Tuesday, June 21, 2011

Sitting on my hands

Tom Petty said it best, "the waiting is the hardest part." I agree of late, though I know it is financially prudent to wait things out. I am of course referring to our soon to be new home. We close in the middle of July, but the ink has long dried on all the documents. We could, based on everyone involved telling us/encouraging us, close earlier. However, every day earlier we move in is another day we pay rent/mortgage to two places. So, every day is about $50 (possibly more if you include all the accoutrements of modern living like water, sewer, garbage, internet, cable and the like. Still, I can't help but think about it. Every time I hear my neighbor bounding up and down the stairs in the entirely graceless way he does (coming down in echoing thuds like someone twice his size), I think about it. Every time I hear his fiancé' through the wall yelling something to him downstairs, I think about it. Every time I look at the crumbling tile around the bathtub, the wood rotting away on the deck, or start to feel a wee bit claustrophobic because our place is so small that leaving something like the vacuum cleaner out in the living room causes it to feel overwhelmingly 'cluttered', I think about it.

But, I try to remember that patience is a virtue...........one I am trying hard to attain (except while driving as that is an entirely lost cause). But still, I can't help but think about the laundry list of things we have or want to do with the house, the spaces we will have to fill, and the people we need to contact to get things done and feel, just a little bit, excited. That is until the reality of ownership comes crashing down upon us. Until then though, the warm glow remains.

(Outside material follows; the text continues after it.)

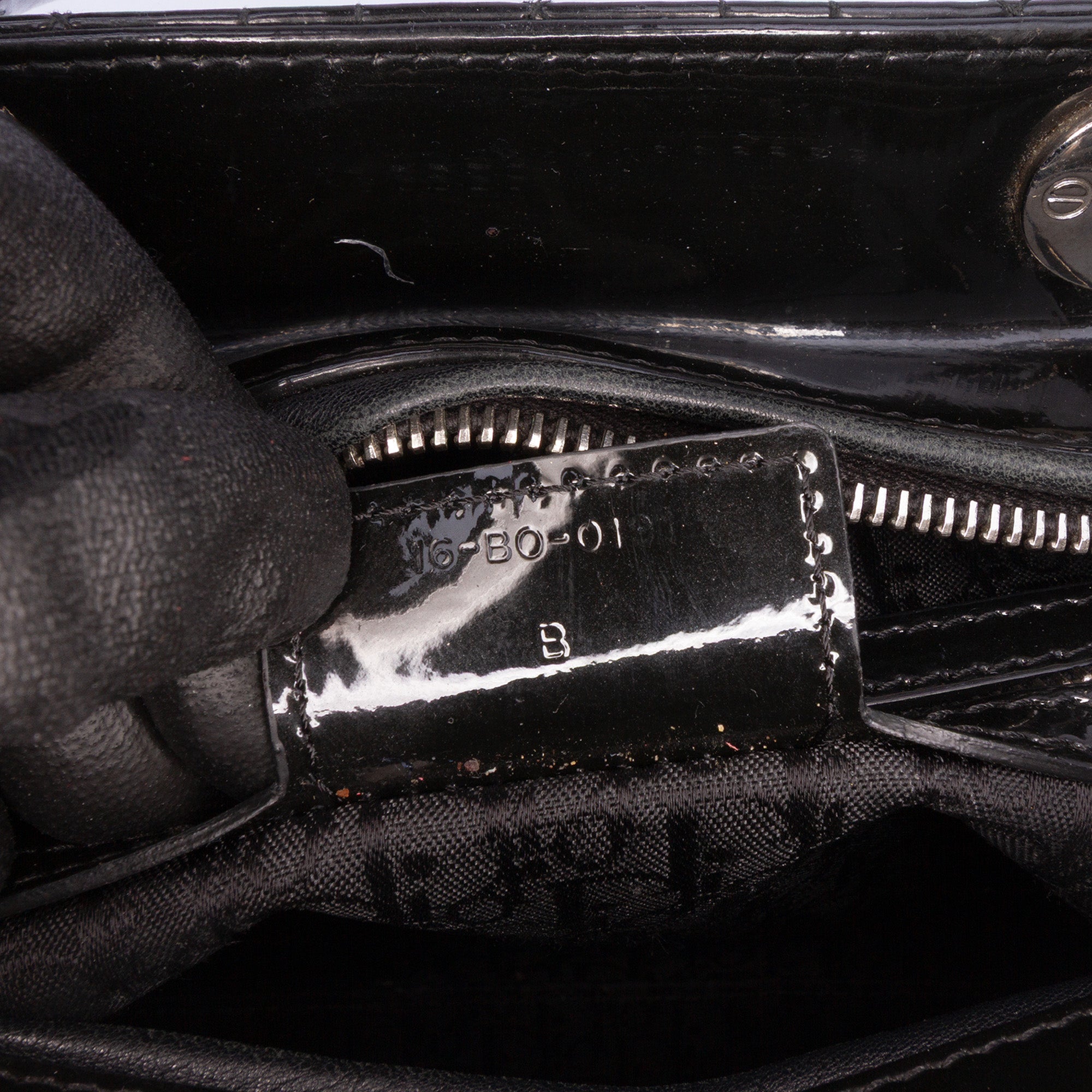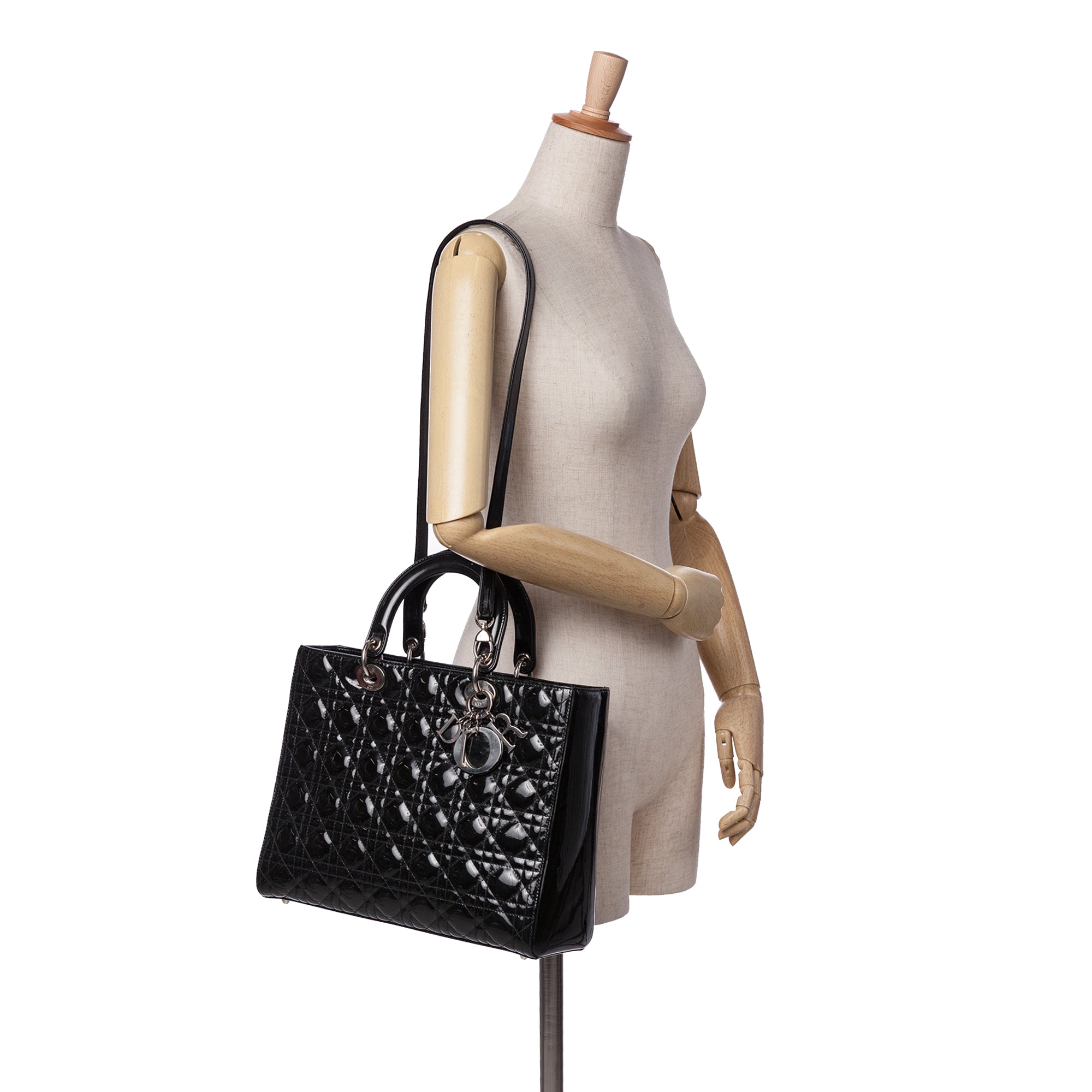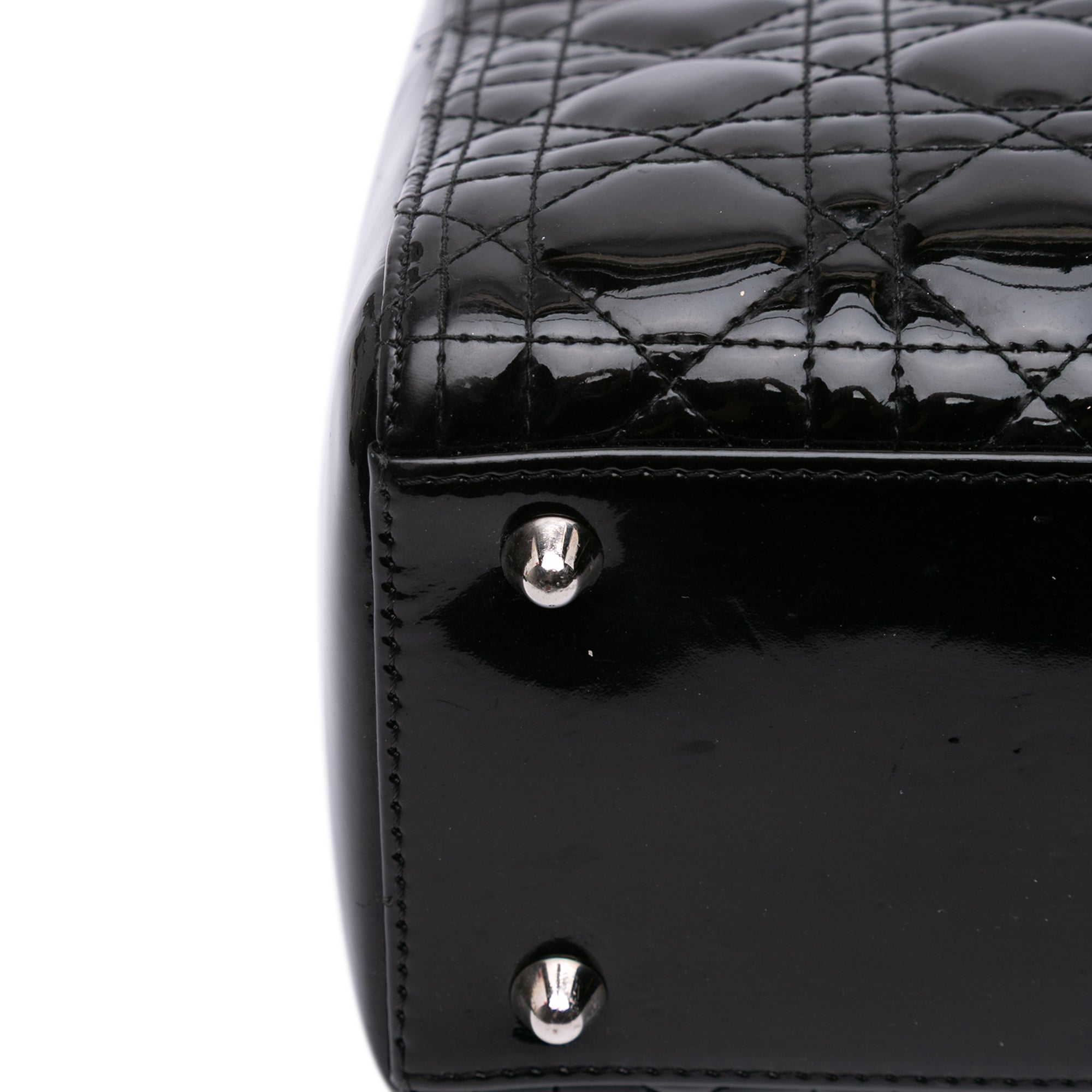 The Lady Dior features a quilted patent leather body, flat leather top handles, a detachable flat strap, a top zip closure, and an interior zip pocket. Retail Price: 6184.00

Other than the above, we are fully into week 1 of couch to 5K training. It is going pretty well so far and I hope it continues the same. It is easy, but not too and the recovery times are adequate. In many ways, unlike the P90x, it feels doable. It isn't trying to command all your time and energy, just some of it (it is nearly impossible to commit to 90 minutes a day, after work, of high intensity exercise, 6 times a week. I have a hard time committing to a movie that long on a work day honestly). It doesn't begin in the middle and stay there. It doesn't assume you are coming from a high level of fitness to start with (and even if you were, it really is for people who measure fitness in single digit body fat numbers and wear sleeveless shirts to the mall). But, for people like me who needs a rolling start to undertake a fitness regimen, it is ideal and allows for further expansion like a 10k (which is about as far as I really care to take any running regimen). Now if I can just more consistently regulate a diet that vacillates from green salad, fruit, and lean proteins at lunch to "hey that pub menu looks tasty" for dinner I would be doing pretty well. Maybe I will work on that next. That is unless I see a nice pub on the way home.